I am also launching a public API just to test this and so that you could use it in various applications. It’s just a Kemal web app that maps to the endpoints of M-dex. I’m needing testers for this API so that I can test the limits/performance of the Crystal app under heavy loads.

Let me know what you think!

3 Likes

I’m assuming you’re scraping the site and storing the data in some database to serve? Or are you scraping the html on each request? On some of the larger data sets, like https://mangadex-api.herokuapp.com/title/999, it took almost 25 seconds to return the data.
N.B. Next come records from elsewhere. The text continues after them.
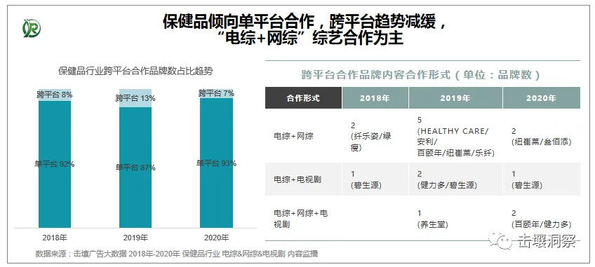 2018年至2020年保健品行业内容合作以单平台为主,2020年跨平台合作品牌占比缩减,“电综+网综”合作品牌最多。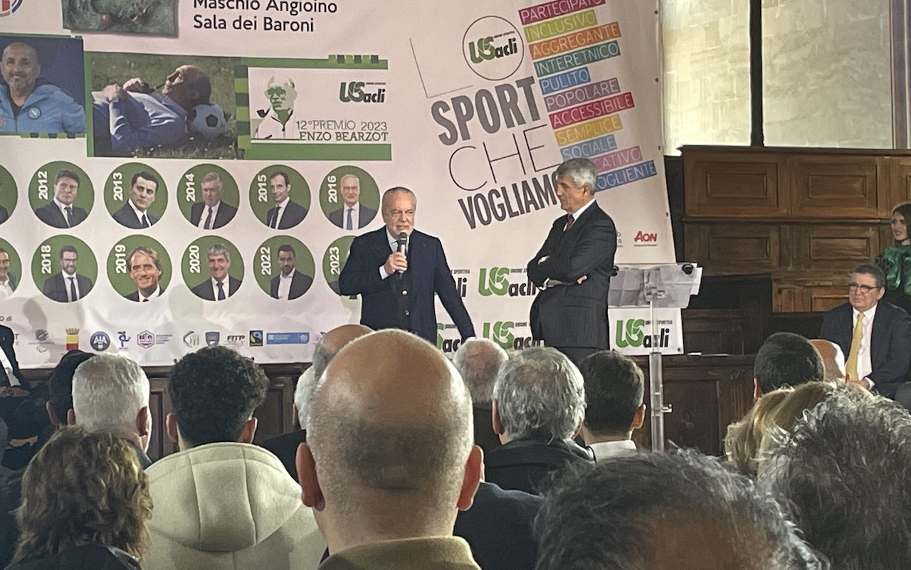 Il patron del Napoli ha poi parlato del personaggio del giorno, Luciano Spalletti: “Sono davvero felice per la vittoria del premio per Luciano Spalletti, è stata una felice intuizione. Io già contattai Spalletti prima del suo ritorno a Roma, poiché Gattuso non si sentiva più bene. Andai da lui al Bosco Verticale, a Milano, ma all’epoca mi disse di non poter venire: mi disse «Non adesso, a giugno vengo». Ho fatto di tutto per depistare tutti voi (giornalisti, ndr): passai prima per Conceicaio, poi passai anche per un altro allenatore italiano che venne anche a darmi quattro lezione di calcio nei miei uffici (Allegri, ndr). Alla fine, però, è arrivato lui, il grande Luciano”.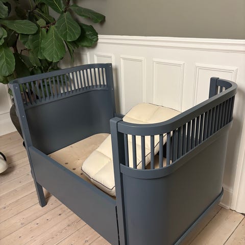 Stilfuld og funktionel seng der med sine adskillige indstillinger kan bruges fra nyfødt til juniorseng. Se produktbeskrivelse af sengen nedenfor.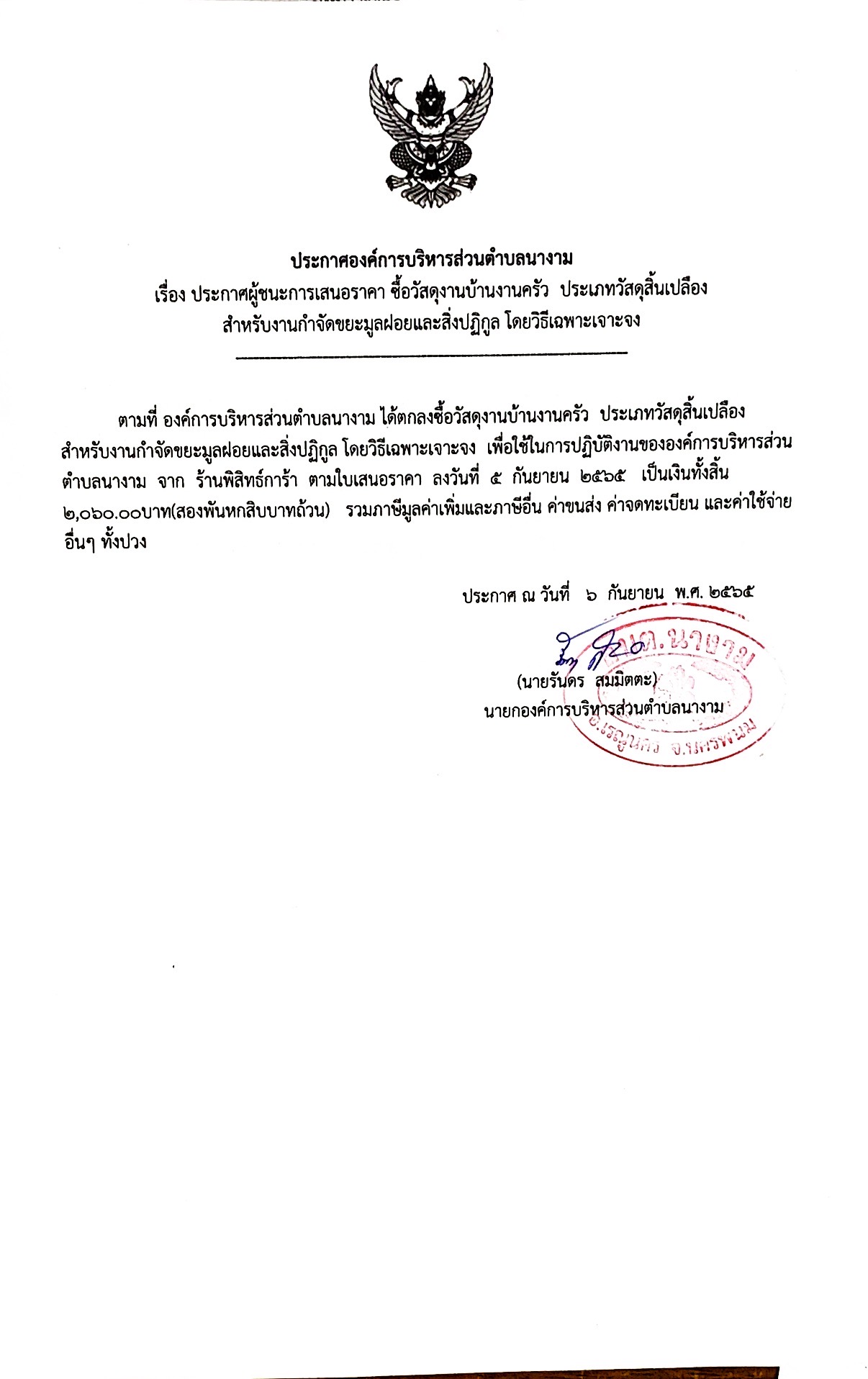 ประกาศผู้ชนะการเสนอราคา ซื้อวัสดุงานบ้านงานครัว ประเภทวัสดุสิ้นเปลือง สำหรับงานกำจัดขยะมูลฝอยและสิ่งปฏิกูล โดยวิธีเฉพาะเจาะจง

It might be worth looking into using some sort of cacheing mechanism + Etags to ease the load.

Also might want to implement some validation, https://mangadex-api.herokuapp.com/title/-1 causes things to bomb out and return CSS/JS.

Otherwise, is good to see some projects utilizing Crystal.

EDIT: Their actual API by comparision takes around 300ms for the same title (https://mangadex.org/api/manga/999).

Hi thanks for your feedback!

  1. In the meantime, it scrapes the HTML for every request. Will try to look into integrating Redis for caching requests.
  2. It really takes a while for titles with larger data sets since it scrapes and at the same time execute another API request directly from the Mangadex API for fetching chapter images. I’ll separate this.
  3. Woah, didn’t noticed that. Thanks for the tip!

Cool sounds good. Yea caching seems like a good idea for this as it prob wont change often so could go with large cache period. Also might be able to leverage async queues to do the scraping, so that could happen periodically without affecting the load times of the data. However that would make more sense if you were also storing the data yourself. Wouldn’t really help if you didn’t have a full copy of their data all the time as kicking off an async task on an HTTP request that wants the data wouldn’t be useful.